(ASSIGNMENT)
An image-free reproduction of the data below is needed: print it exactly.

(THE DATA)
>>>>

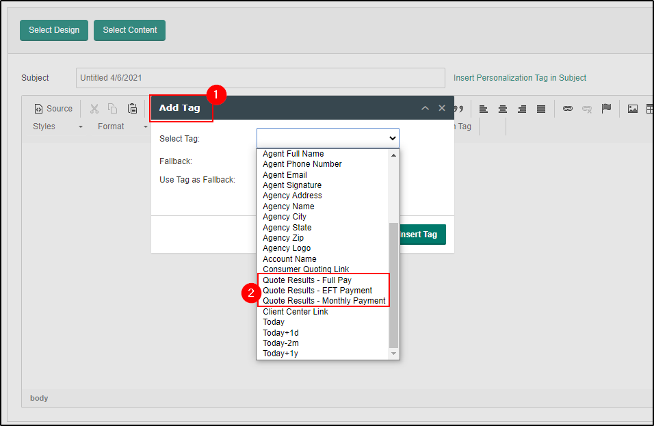 Personalization Tag - Monthly Payment will display successful quotes being submitted and their premiums for monthly payment options in the email body.
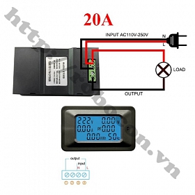 Công Tơ Điện Tử AC Đo 6 Thông Số 20A hay đồng hồ đo AC đa năng hiển thị 6 giá trị đo Điện áp, Dòng điện, Công suất, Tần số, Năng lượng, Hệ số công suất với dòng tải đo được tối đa 20A và công suất tối đa 4400W
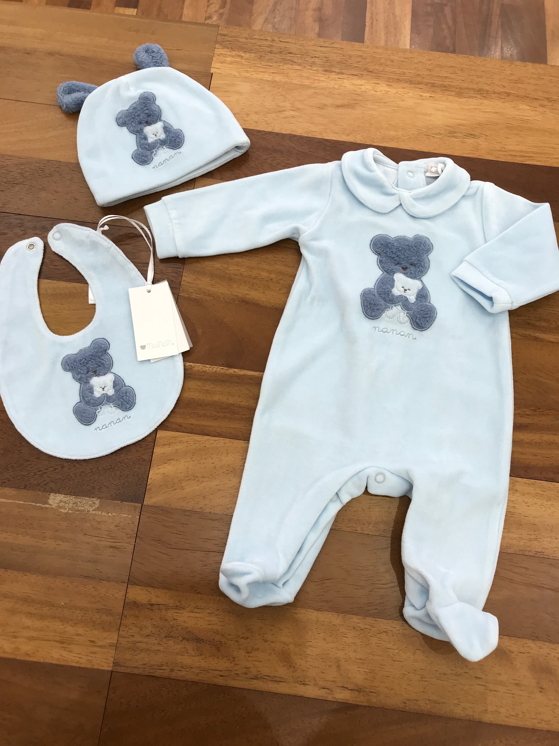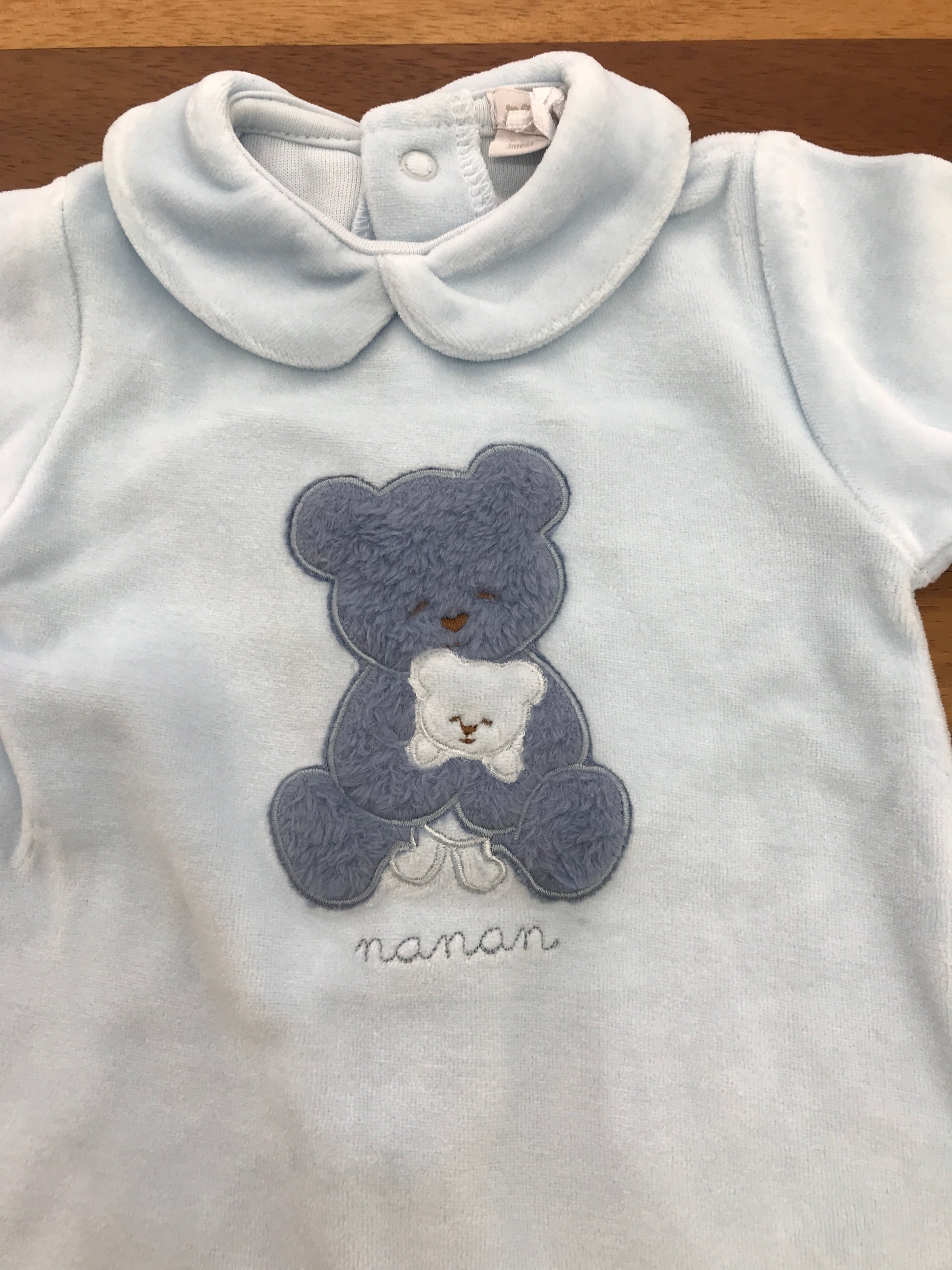 Questa tutina intera in ciniglia è dotata di piedini coprenti e un colletto elegante; sul davanti presenta un orsetto peloso decorativo che aggiunge un tocco di dolcezza.

<<<<

(EXERCISE RESPONSE)
 Personalization Tag - Monthly Payment will display successful quotes being submitted and their premiums for monthly payment options in the email body.
 Công Tơ Điện Tử AC Đo 6 Thông Số 20A hay đồng hồ đo AC đa năng hiển thị 6 giá trị đo Điện áp, Dòng điện, Công suất, Tần số, Năng lượng, Hệ số công suất với dòng tải đo được tối đa 20A và công suất tối đa 4400W
 Questa tutina intera in ciniglia è dotata di piedini coprenti e un colletto elegante; sul davanti presenta un orsetto peloso decorativo che aggiunge un tocco di dolcezza.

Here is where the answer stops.